### WORK REQUIRED
The data below should be restated word for word, with every picture omitted.

### SUPPLIED DATA
⟨

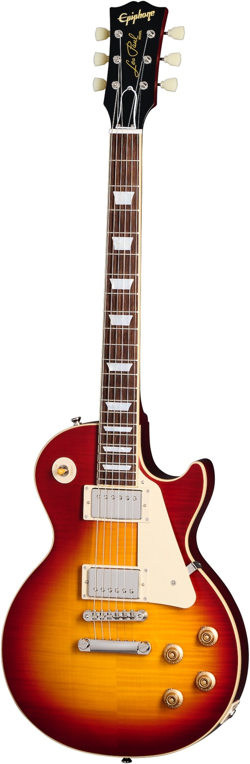 Made in collaboration with the Gibson™ Custom Shop, the Epiphone 1959 Les Paul™ Standard is Epiphone's incredible recreation of the rare vintage classic, updated to be more authentic and true to the originals than ever. It features a mahogany body with a maple top with a AAA flame maple veneer, a one-piece mahogany neck with a comfortable '59 rounded, medium C profile, long neck tenon, and Gibson-style "open book" R9 headstock shape, VOS (Vintage Original Sheen) finish, Gibson Custombucker humbucking pickups, Switchcraft® selector switch and 1/4" output jack, CTS® pots, 50s era wiring, Mallory™ capacitors, non-beveled pickguard, Epiphone Deluxe vintage tuners with Keystone buttons, and a vintage-style brown and pink hardshell case. Play one today, and prepare to be amazed!
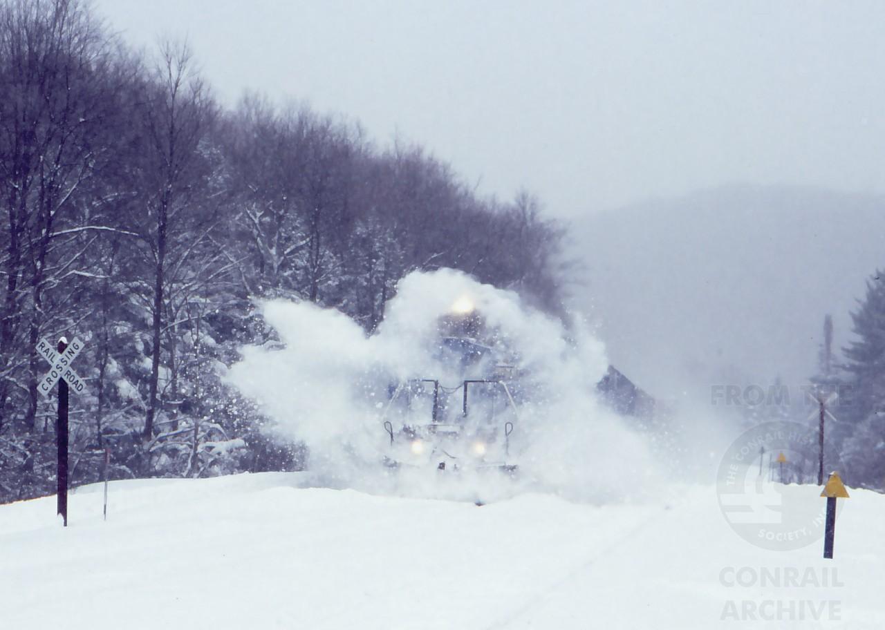 TV-6, with the 6244 in the lead, punches through the snow berms at Ballou's crossing in Washington, MA. on Dec. 31, 1997.
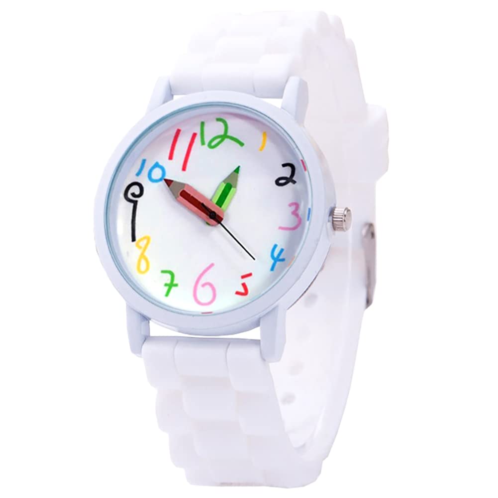 RioGrande Herren-Freizeitarmbanduhr mit buntem handgeschriebenem Zifferblattdesign und Silikonarmband (Weiß) ZM-WATCH7118-WH

⟩

### EXERCISE ANSWER
 Made in collaboration with the Gibson™ Custom Shop, the Epiphone 1959 Les Paul™ Standard is Epiphone's incredible recreation of the rare vintage classic, updated to be more authentic and true to the originals than ever. It features a mahogany body with a maple top with a AAA flame maple veneer, a one-piece mahogany neck with a comfortable '59 rounded, medium C profile, long neck tenon, and Gibson-style "open book" R9 headstock shape, VOS (Vintage Original Sheen) finish, Gibson Custombucker humbucking pickups, Switchcraft® selector switch and 1/4" output jack, CTS® pots, 50s era wiring, Mallory™ capacitors, non-beveled pickguard, Epiphone Deluxe vintage tuners with Keystone buttons, and a vintage-style brown and pink hardshell case. Play one today, and prepare to be amazed!
 TV-6, with the 6244 in the lead, punches through the snow berms at Ballou's crossing in Washington, MA. on Dec. 31, 1997.
 RioGrande Herren-Freizeitarmbanduhr mit buntem handgeschriebenem Zifferblattdesign und Silikonarmband (Weiß) ZM-WATCH7118-WH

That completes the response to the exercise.